START Collected data

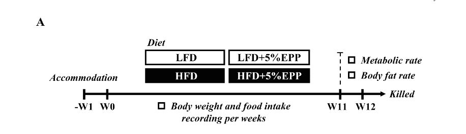 該文獻(xiàn)研究者將實(shí)驗(yàn)小鼠隨機(jī)分為4組,每組10只,分別為L(zhǎng)FD(低肪飲食),HFD(高脂飲食);LFD+5%EPP(低肪飲食+5%滸苔多糖),HFD+5%EPP(高肪飲食+5%滸苔多糖)。實(shí)驗(yàn)設(shè)計(jì)如圖2,
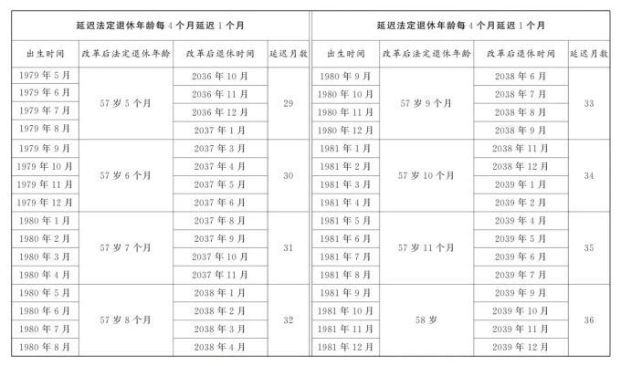 3.原法定退休年龄五十周岁的女职工延迟法定退休年龄对照表
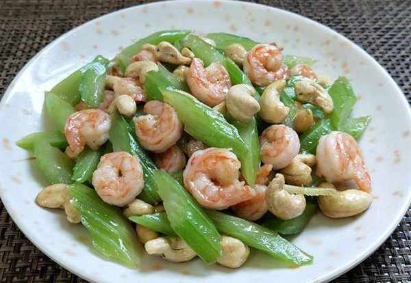 西芹200克、蝦18隻、熟腰果50克、薑4片、蒜2瓣、鹽2克、雞精2克、胡椒粉2克。

END Collected data

> **Work order**:
Restate the data word for word without pictures.

> **Solved exercise**:
 該文獻(xiàn)研究者將實(shí)驗(yàn)小鼠隨機(jī)分為4組,每組10只,分別為L(zhǎng)FD(低肪飲食),HFD(高脂飲食);LFD+5%EPP(低肪飲食+5%滸苔多糖),HFD+5%EPP(高肪飲食+5%滸苔多糖)。實(shí)驗(yàn)設(shè)計(jì)如圖2,
 3.原法定退休年龄五十周岁的女职工延迟法定退休年龄对照表
 西芹200克、蝦18隻、熟腰果50克、薑4片、蒜2瓣、鹽2克、雞精2克、胡椒粉2克。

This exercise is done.